### Your goal
From the line that holds "GROO Max Blood" down to the last line of the listing below, reproduce each line exactly and nothing more, omitting pictures.

### Data provided
--- START ---

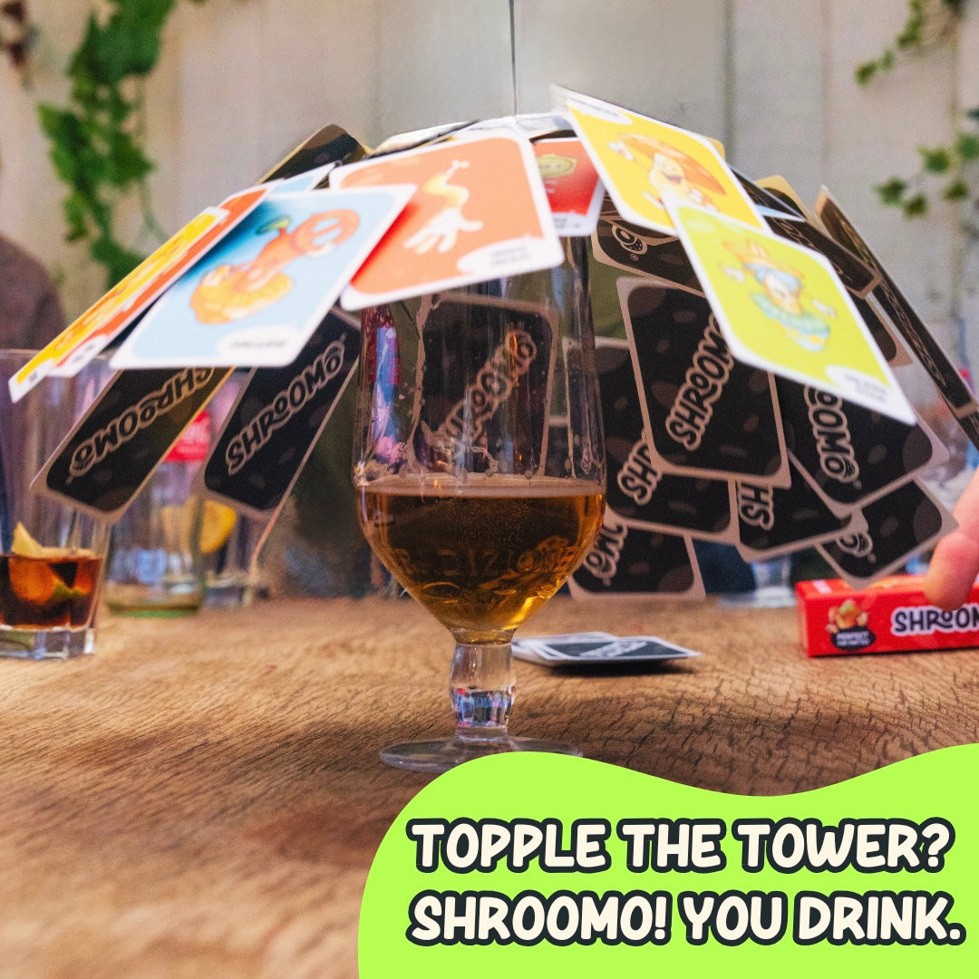 In turns, players balance their card on the rim of a half-filled glass. With each round, the Shroom tower grows taller, wobblier & one step closer to collapse.
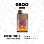 GROO Max Blood Orange Mango offers up to 10000 puffs with a durable, lightweight stainless steel design. Its large battery ensures a comfortable and long-lasting vaping experience.
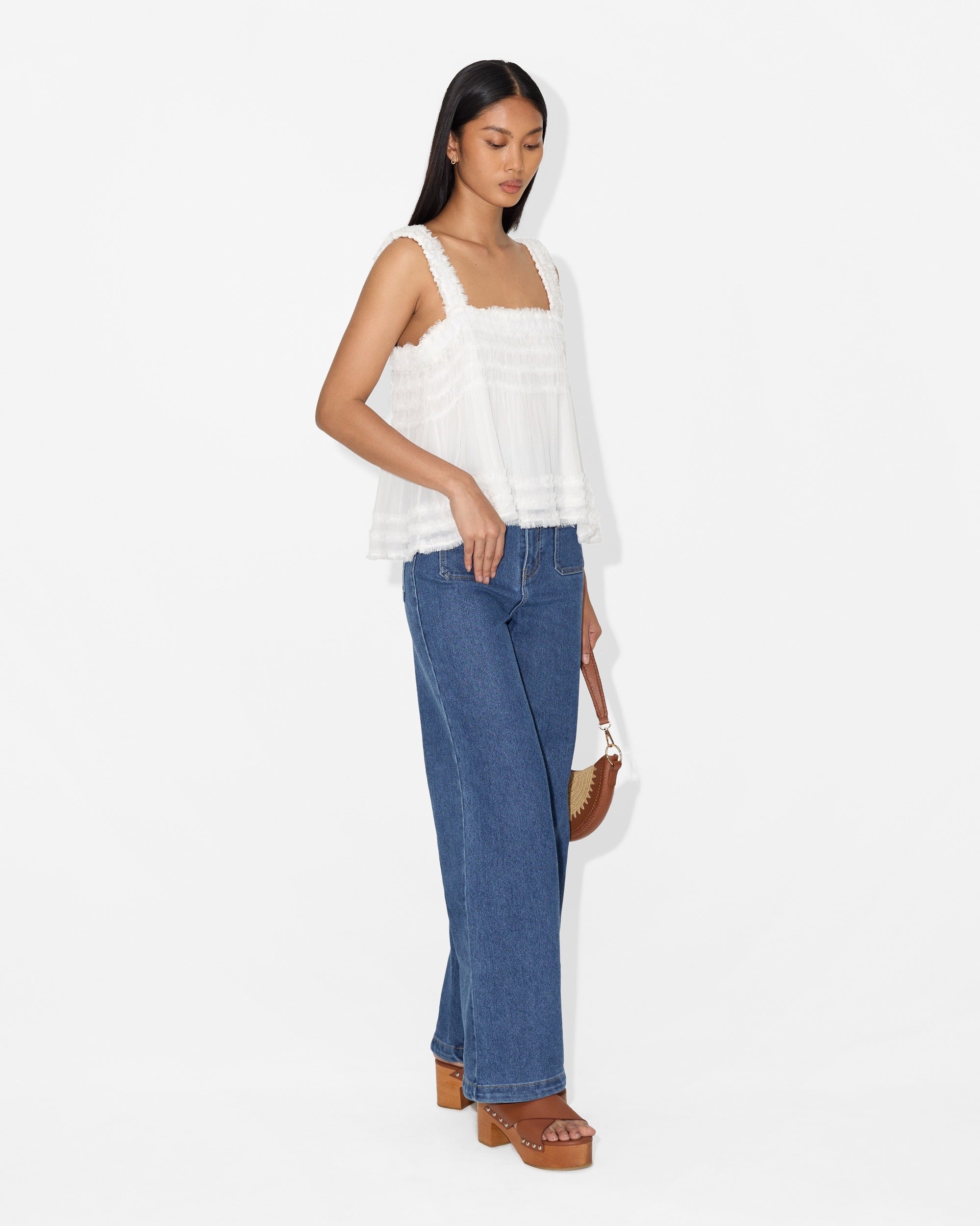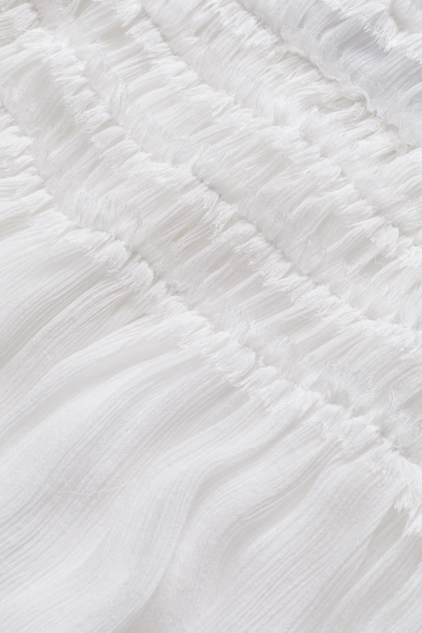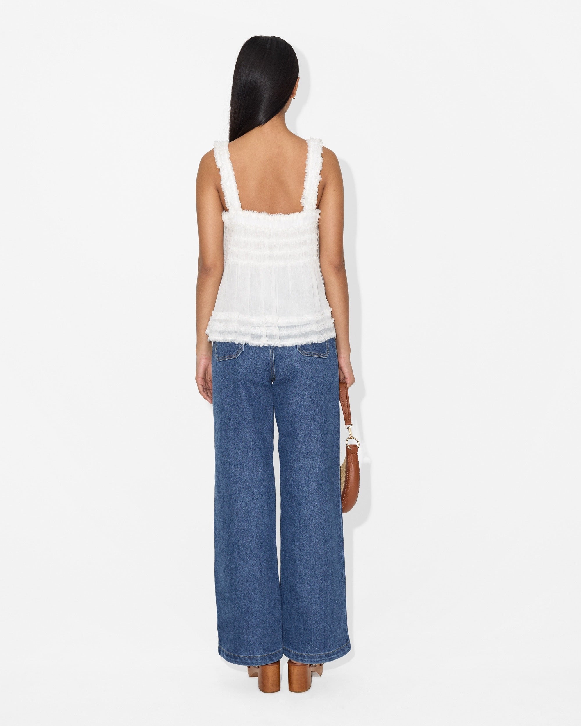 Note: The raw-cut frill finish is an intentional design detail. Loose threads may appear over time and are not considered a manufacturing defect.

--- END ---

### Answer box
 GROO Max Blood Orange Mango offers up to 10000 puffs with a durable, lightweight stainless steel design. Its large battery ensures a comfortable and long-lasting vaping experience.
 Note: The raw-cut frill finish is an intentional design detail. Loose threads may appear over time and are not considered a manufacturing defect.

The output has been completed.